I too have wondered (and I think asked in room11?) about such a concept. From memory the general response was “just do it in userland with a wrapper” so its good to see someone else is interested in this being part of the language.

While I agree that it’s most useful if the Reflector instance is available in the constructor, I’m not keen on the proposed magic “skipping” of arguments as you suggest. It seems way too easy to confuse someone (particularly if the attribute class itself has reason to be instantiated directly in code)

I think a better approach would be to suggest authors put the parameter at the end of the parameter list, so that no ‘skipping' is required when passing arguments without names (or put it where you like if you’re always using named arguments)

Cheers

Stephen

2 years ago by Andreas Hennings — view source

unread

Hello internals,
I am picking up an idea that was mentioned by Benjamin Eberlei in the past.
https://externals.io/message/110217#110395
(we probably had the idea independently, but Benjamin's is the first
post where I see it mentioned in the list)

Quite often I found myself writing attribute classes that need to fill
some default values or do some validation based on the symbol the
attribute is attached to.
E.g. a parameter attribute might require a specific type on that
parameter, or it might fill a default value based on the parameter
name.

Currently I see two ways to do this:

Do the logic in the code that reads the attribute, instead of the
attribute class.
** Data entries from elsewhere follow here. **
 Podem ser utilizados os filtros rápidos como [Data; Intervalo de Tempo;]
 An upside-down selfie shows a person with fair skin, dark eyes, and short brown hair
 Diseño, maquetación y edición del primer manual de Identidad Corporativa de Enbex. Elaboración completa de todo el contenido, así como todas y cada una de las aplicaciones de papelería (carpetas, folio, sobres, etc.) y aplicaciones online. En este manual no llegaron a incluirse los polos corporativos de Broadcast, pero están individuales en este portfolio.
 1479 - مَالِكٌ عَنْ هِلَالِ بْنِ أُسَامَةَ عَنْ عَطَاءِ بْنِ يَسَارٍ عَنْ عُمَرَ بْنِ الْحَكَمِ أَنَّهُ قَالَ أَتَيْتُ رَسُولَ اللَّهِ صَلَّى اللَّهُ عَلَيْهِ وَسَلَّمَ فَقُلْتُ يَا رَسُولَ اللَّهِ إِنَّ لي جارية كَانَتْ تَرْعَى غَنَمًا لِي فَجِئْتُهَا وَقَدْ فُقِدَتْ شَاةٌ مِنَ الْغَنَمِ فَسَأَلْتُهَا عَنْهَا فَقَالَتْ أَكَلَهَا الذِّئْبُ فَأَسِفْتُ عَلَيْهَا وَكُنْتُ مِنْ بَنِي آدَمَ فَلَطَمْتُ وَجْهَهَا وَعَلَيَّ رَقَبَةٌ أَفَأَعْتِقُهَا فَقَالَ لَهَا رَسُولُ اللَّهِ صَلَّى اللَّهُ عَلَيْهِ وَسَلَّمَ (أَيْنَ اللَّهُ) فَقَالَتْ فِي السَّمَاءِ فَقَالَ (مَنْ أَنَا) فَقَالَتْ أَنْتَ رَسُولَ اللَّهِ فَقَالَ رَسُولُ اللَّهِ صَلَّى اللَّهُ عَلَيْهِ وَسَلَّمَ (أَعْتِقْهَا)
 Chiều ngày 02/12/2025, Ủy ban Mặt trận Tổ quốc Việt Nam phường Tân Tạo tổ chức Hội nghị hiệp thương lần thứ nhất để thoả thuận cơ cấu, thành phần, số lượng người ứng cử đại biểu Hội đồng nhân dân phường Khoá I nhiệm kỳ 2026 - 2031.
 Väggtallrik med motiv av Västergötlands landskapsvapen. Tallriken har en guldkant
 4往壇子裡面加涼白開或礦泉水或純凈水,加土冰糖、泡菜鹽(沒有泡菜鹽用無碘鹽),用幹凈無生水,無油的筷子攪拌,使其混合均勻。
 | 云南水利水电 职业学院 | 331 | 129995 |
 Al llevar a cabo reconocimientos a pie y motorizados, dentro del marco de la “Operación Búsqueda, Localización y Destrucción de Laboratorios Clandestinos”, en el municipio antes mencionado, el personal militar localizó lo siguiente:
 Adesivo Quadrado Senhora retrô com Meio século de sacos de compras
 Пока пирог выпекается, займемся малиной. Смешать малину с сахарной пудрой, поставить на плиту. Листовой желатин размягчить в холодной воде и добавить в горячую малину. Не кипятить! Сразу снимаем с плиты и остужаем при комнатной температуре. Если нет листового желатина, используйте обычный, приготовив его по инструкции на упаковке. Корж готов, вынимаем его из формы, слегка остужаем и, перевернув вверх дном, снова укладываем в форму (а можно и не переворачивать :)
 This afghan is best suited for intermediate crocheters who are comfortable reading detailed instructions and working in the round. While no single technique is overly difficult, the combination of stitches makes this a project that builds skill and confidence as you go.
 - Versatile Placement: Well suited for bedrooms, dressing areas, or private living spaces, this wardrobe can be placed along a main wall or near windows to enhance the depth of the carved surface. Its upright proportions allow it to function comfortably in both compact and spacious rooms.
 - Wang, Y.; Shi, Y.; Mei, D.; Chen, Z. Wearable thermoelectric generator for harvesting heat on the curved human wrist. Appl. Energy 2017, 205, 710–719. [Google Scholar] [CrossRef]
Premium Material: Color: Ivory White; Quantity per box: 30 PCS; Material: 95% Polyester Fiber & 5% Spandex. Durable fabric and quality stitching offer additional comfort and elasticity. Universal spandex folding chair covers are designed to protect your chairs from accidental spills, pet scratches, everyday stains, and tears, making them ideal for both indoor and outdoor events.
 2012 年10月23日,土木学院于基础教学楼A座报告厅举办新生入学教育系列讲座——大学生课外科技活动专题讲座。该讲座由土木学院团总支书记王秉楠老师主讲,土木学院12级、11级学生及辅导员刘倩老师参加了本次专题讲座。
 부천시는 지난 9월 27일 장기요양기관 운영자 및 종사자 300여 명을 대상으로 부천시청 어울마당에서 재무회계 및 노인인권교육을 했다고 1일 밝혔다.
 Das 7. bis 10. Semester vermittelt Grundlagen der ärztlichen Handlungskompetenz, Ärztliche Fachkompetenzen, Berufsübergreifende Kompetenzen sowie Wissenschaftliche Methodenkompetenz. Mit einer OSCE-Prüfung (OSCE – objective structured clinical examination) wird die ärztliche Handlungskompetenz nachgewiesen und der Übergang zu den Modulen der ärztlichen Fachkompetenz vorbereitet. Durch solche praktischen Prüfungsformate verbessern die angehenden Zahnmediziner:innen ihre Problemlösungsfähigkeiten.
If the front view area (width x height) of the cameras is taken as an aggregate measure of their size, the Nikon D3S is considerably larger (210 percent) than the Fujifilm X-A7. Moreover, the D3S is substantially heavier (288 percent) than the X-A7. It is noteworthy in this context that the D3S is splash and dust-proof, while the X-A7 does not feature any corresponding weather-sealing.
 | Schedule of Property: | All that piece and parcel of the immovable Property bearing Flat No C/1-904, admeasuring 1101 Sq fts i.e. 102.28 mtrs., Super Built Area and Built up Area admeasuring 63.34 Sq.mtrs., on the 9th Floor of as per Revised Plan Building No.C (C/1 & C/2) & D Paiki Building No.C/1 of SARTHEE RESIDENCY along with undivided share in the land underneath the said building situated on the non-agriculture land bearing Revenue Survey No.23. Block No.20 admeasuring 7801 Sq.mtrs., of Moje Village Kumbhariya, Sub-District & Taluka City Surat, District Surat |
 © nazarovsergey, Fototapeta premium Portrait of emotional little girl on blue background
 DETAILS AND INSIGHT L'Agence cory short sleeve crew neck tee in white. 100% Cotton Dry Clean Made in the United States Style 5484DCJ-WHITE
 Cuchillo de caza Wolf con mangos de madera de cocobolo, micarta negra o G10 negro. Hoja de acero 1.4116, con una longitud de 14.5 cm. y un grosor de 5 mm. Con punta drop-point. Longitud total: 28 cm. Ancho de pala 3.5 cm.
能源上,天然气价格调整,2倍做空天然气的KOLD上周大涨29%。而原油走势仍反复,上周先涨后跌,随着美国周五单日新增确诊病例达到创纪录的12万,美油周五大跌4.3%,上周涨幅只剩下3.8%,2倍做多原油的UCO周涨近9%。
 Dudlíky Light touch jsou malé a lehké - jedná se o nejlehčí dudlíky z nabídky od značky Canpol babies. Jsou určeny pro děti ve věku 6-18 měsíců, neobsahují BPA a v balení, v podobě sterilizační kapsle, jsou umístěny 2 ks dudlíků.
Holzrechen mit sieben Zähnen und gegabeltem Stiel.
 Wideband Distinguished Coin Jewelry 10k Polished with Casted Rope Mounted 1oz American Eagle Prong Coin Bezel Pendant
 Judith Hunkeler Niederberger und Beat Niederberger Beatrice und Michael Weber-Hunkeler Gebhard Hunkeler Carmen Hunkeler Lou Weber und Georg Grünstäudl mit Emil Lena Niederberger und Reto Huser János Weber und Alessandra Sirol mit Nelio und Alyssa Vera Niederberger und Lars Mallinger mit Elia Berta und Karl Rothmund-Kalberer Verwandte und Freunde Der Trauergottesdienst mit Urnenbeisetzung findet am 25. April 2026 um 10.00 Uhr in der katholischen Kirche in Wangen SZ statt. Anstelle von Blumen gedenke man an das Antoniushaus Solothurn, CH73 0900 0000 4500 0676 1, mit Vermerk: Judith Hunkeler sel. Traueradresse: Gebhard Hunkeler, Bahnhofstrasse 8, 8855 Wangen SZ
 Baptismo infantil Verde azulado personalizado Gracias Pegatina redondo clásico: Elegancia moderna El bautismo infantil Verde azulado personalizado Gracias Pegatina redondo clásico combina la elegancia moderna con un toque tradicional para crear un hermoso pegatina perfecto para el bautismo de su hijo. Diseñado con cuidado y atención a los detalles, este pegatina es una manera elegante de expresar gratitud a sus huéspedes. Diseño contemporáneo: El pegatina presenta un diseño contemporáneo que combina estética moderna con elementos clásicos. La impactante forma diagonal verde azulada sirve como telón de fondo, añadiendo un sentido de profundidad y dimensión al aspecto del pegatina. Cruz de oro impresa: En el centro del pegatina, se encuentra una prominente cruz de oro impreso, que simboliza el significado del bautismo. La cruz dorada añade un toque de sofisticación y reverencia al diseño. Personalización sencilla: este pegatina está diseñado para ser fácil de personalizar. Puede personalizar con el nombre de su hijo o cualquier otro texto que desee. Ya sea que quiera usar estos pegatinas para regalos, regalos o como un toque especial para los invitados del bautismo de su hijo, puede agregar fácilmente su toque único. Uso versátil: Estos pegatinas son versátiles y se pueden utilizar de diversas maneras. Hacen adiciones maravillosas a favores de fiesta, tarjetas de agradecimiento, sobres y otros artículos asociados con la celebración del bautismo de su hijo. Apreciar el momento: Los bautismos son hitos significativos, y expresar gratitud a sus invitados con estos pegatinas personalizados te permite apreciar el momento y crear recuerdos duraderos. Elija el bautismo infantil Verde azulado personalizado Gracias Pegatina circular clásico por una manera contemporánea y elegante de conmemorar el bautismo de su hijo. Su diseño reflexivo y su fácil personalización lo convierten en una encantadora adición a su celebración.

This works ok for one-off attribute classes, but it
becomes quite unflexible with attribute interfaces, where 3rd parties
can provide their own attribute class implementations.

Add additional methods to the attribute class that take the symbol
reflector as a parameter, like "setReflectionMethod()", or
"setReflectionClass()". Or the method in the attribute class that
returns the values can have a reflector as a parameter.

Both of these are somewhat limited and unpleasant.

I want to propose a new way to do this.
Get some feedback first, then maybe an RFC.

The idea is to mark constructor parameters of the attribute class with
a special parameter attribute, to receive the reflector.
The other arguments are then shifted to skip the "special" parameter.

#[Attribute]
class A {
public function __construct(
public readonly string $x,
#[AttributeContextClass]
public readonly \ReflectionClass $class,
public readonly string $y,
) {}
}

$a = (new ReflectionClass(C::class))->getAttributes()[0]->newInstance();
assert($a instanceof A);
assert($a->x === 'x');
assert($a->class->getName() === 'C');
assert($a->y === 'y');

Note that for methods, we typically need to know the method reflector
and the class reflector, because the method could be defined in a
base class.

#[Attribute]
class AA {
public function __construct(
#[AttributeContextClass]
public readonly \ReflectionClass $class,
#[AttributeContextMethod]
public readonly ReflectionMethod $method,
) {}
}

class B {
#[AA]
public function f(): void {}
}

class CC extends B {}

$aa = (new ReflectionMethod(CC::class, 'f))->getAttributes()[0]->newInstance();
assert($a->class->getName() === 'CC');
assert($a->method->getName() === 'f');

Notice that the original proposal by Benjamin would use an interface
and a setter method, ReflectorAwareAttribute::setReflector().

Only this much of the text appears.